Nun leben Sie seit über einem Jahr wieder in der Schweiz. Warum haben Sie sich dazu entschieden wieder sesshaft zu werden? Fehlt Ihnen das Reisen oder genießen Sie die Beständigkeit?

Wir haben uns vor allem für unsere Jungs dazu entschieden. Aber auch für uns. In den über sieben Jahren unterwegs haben wir gelernt, dass wir trotzallem in der Schweiz zuhause sind und nur in unserem eigenen „Gärtli“ wirklich eine Veränderung erreichen können. Wir fühlten uns bereit, tiefer zu gehen und uns in einer Gesellschaft einzumischen, zu der wir doch irgendwie gehören. Unterwegs bleibt man oft an der Oberfläche und passt sich eigentlich fast immer der Umgebung an. In der Heimat können wir versuchen, kleine Veränderungen umzusetzen und den Menschen die wunderbare Welt näher zu bringen, Brücken zu schlagen und Vertrauen zu schenken.

© HudsonFamily

 

Neben Ihrem Blog arbeiten Sie an neuen Buchprojekten. Stehen auch hier die Reisen mit Ihren Kindern im Mittelpunkt?

Mein erstes Buch „Das Streben nach ständiger Bewegung“ schrieb ich vor allem für unsere Kinder und für Familien, die auch reisen möchten. Meine neuen Buchprojekte handeln davon, wie das Reisen mich verändert hat. Wie die guten und schwierigen Zeiten unterwegs den Menschen entstehen ließen, der ich heute bin. Ich habe so viel Glück erleben dürfen, unzählige herzberührende Begegnungen und Erlebnisse gehabt. Engel und Wunder angetroffen, aber auch Leid miterlebt. In China machten wir zudem Bekanntschaft mit der Mafia, mit der Polizei und mit viel Gewalt. Wir standen sogar unter Hausarrest, wurden in unserem Daheim angegriffen. Diese Erlebnisse will ich alle auf Papier bringen.

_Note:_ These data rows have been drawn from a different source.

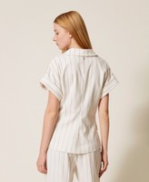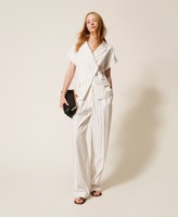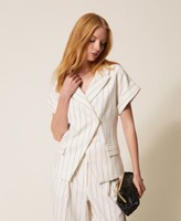 Actitude collection viscose blend pinstripe fluid fabric tailored jacket. Lapels, double-breasted fastening with button, short sleeves with turn-ups, flap pockets, slim fit.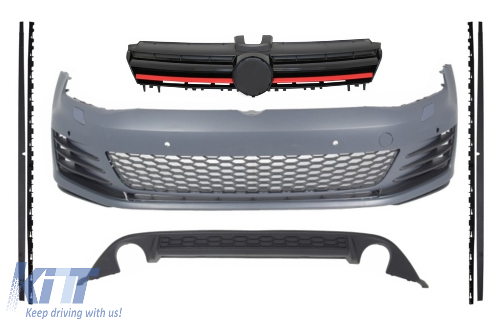 Complete GTI Design body kit, front bumper, rear bumper diffuser and side skirts made from high quality polypropylene and are prepared for painting operation.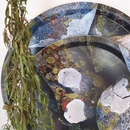 Bricka 31cm "Sten i grått och grönt"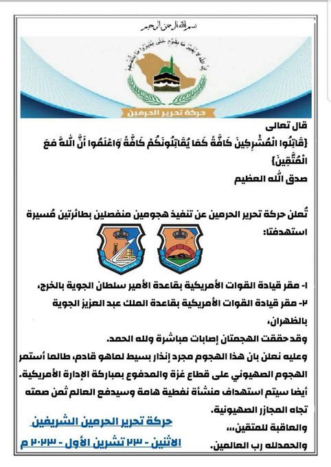 وتداول نشطاء بمواقع التواصل الاجتماعي بياناً لما أعلنته حركة مقاومة سعودية، تطلق على نفسها حركة تحرير الحرمين، تبنيها استهداف مقر قيادة القوات الأمريكية في كلاً من قاعدة الأمير سلطان الجوية في منطقة الخرج وقاعدة الملك عبدالعزيز الجوية في منطقة الظهران مساء الإثنين.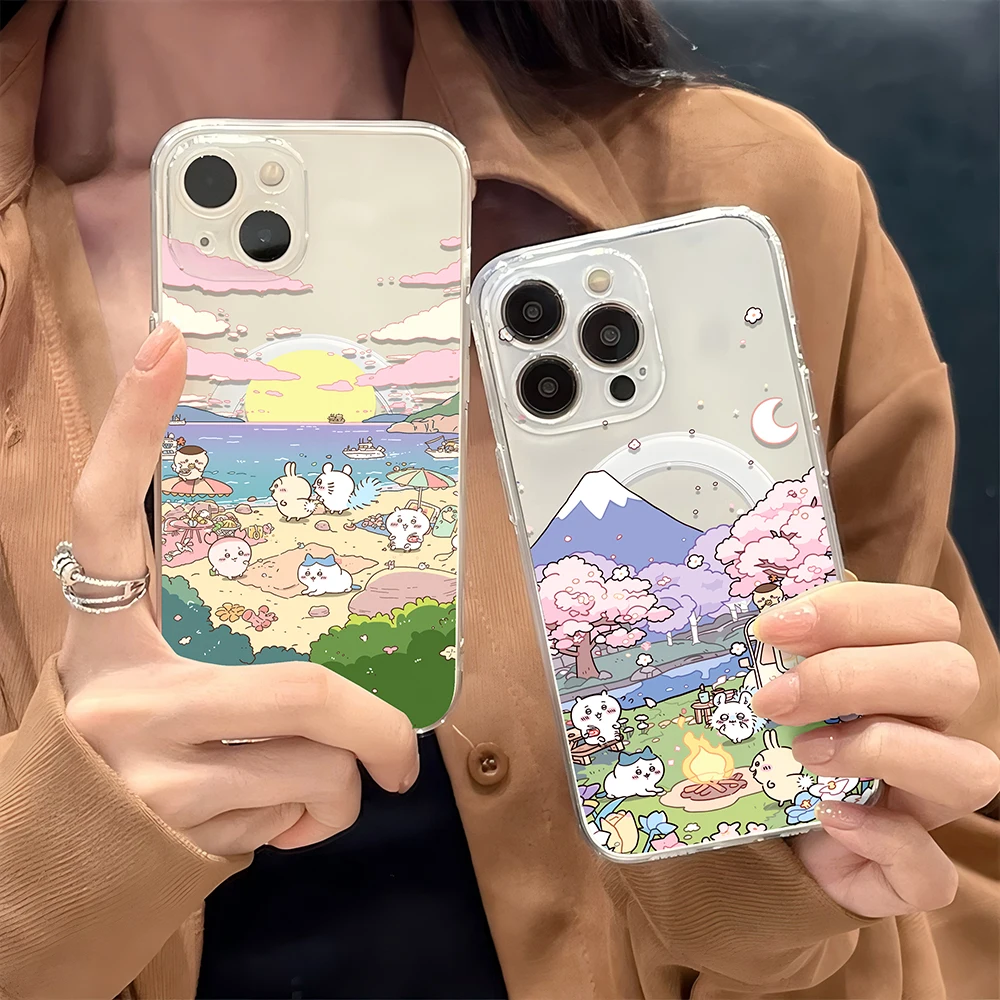 Comprar Comics Cute Chiikawas nueva funda de teléfono magnética Magsafe para Samsung Galaxy S24 S23 S22 S21 S20 FE Plus funda de TPU transparente Ultra suave

Das Streben nach ständiger Bewegung, so heißt eines Ihrer Bücher. Im Sommer letzten Jahres war die Familie Hudson für drei Wochen in Ägypten. Bleibt es nun erst einmal bei den Kurzreisen? Und wo zieht es Sie als Nächstes hin?

Ja, leider schon. Wir richten uns bis auf weiteres nach den Schulferien der Kinder. Die Jungs möchten im Moment vor allem Europa erkundigen. Das ist für sie faszinierend und fremd. Dieses Jahr wollen wir auf den Spuren der Römer gehen… Italien entdecken, Vulkane besteigen. Wer weiß schon, was die Zukunft bringen wird?